Check out the rant and the neologisms


at Genea-Musings in Randy Seaver’s “Reader’s Genea-Rant - my cousin’s done genealogy research, and it’s wrong!” A new tradition - genea-rants! (Or is it a new name for an old tradition?)


No easy answer to this one

Elyse at Elyse’s Genealogy Blog has an interesting and difficult dilemma: “To Research Or Not To Research?”


For the fascinating story of a photographer


and of the child laborers he photographed, read Heather Rojo’s post “Genealogy and Lewis Hine” at Nutfield Genealogy, and check out the links.


I can stop writing and die happy ...

because T.K. at Before My Time has expressed my exact thoughts on technology for genealogy and genealogy as an avocation (and why I love it) in “February Ruminations.”

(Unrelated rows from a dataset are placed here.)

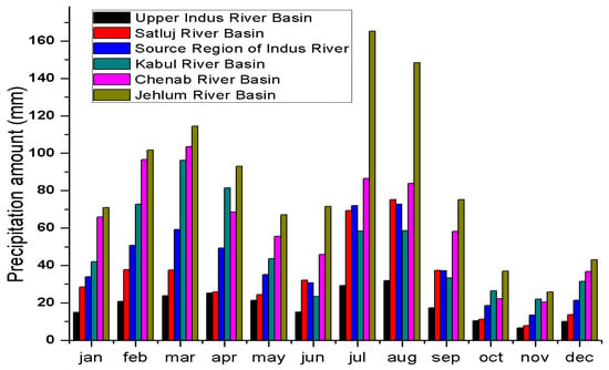 The SRIR has very distinctive climatic conditions, and the precipitation in this area exhibits great spatial and temporal variations. The distribution of precipitation during different months of a year in the study area and its main sub-basins from 1961 to 2015 are shown in Figure 4. The highest amount of precipitation in the study area (72.8 mm) was received in August, while the lowest amount of precipitation (13.4 mm) was received in November. According to a study conducted by Amin [] in the northern areas of Pakistan which is part of the SRIR, about 21% of observed rainfall occurred in the month of March while about 37% of the observed rainfall occurred in the month of July and was almost the same in August.
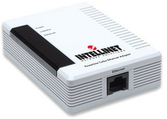 The Intellinet network solutions PowerLine Turbo Ethernet Adapter allows you to create a high-speed network for the computers in your home or office by simply plugging the adapters into any electrical outlet. You immediately create a network using the existing AC power lines and can extend your home network into areas a wireless signal cannot reach.
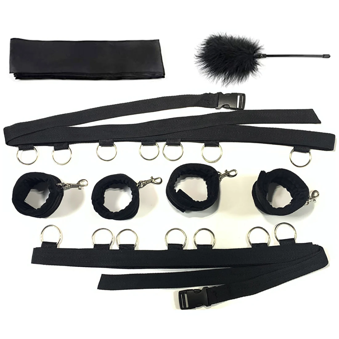 Выберите различные крепежные металлические кольца, которые могут быть завязаны в другую половую позу, позвольте вам испытать Новый кульминационный эффект. Регулируемая пряжка, отрегулируйте длину повязки в соответствии с шириной кровати.
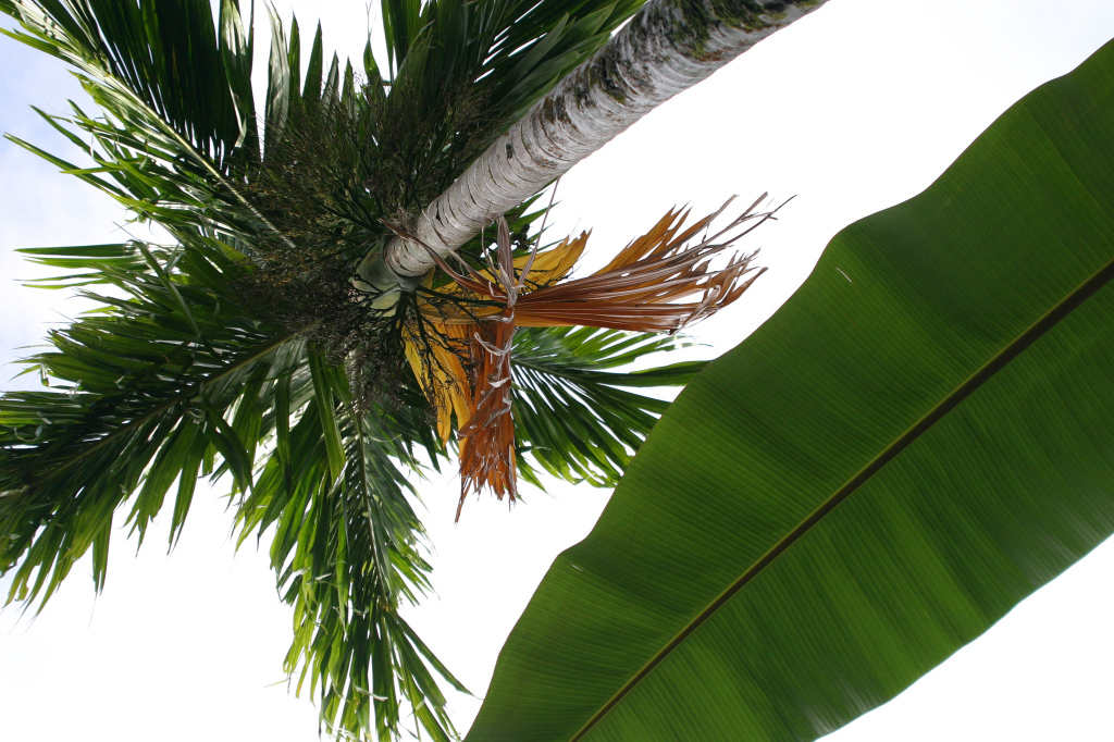 椰子の葉の大きな陰が巨大なおばけのようです。
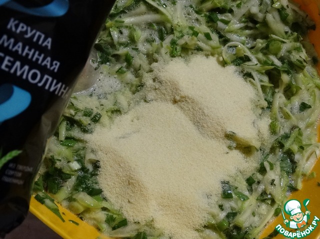 Добавляем яйца и семолину/манку, перемешиваем и даем постоять 10 минут. Мне нравится использовать в блюде семолину, она удерживает влагу, за счет чего запеканка получается очень нежной. Добавляем соль и муку, перемешиваем.
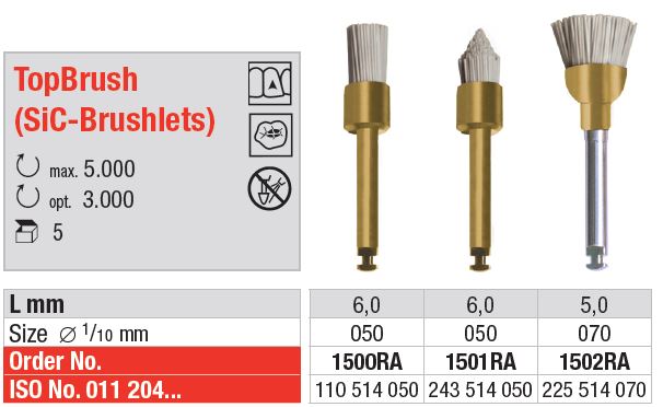3 forme de perii pentru prepararea tuturor ocluzale si suprafetele proximale

For more suggested blog reading ...


Check out “Follow Friday: Around the Blogosphere” at Susan Petersen’s Long Lost Relatives.net and “Best of the Genea-Blogs” at Randy Seaver’s Genea-Musings.


This week I started following these blogs:


A Tree Full of Parrotts - Untangling the Roots

Buried in a New World


Fantastic Electrisoil

Genealogical Masonry


GeneaWebinars

Keeping the Story Alive

Kentucky & Tennessee Stories


More Than Names

Who We Were, Are & Will Be Our Family


My Research Week

Finally - months after the trip to Greenville - I have confronted the large pile of documents resulting from that trip. I have started working on the documents, transcribing and extracting information. This is a big job, but I am already finding new information on the Moore family. Now if my eyes can just take the strain of trying to read all those pages. Also, distant Norman and Dalrymple cousins have contacted me through the blog.  Hoping to hear more!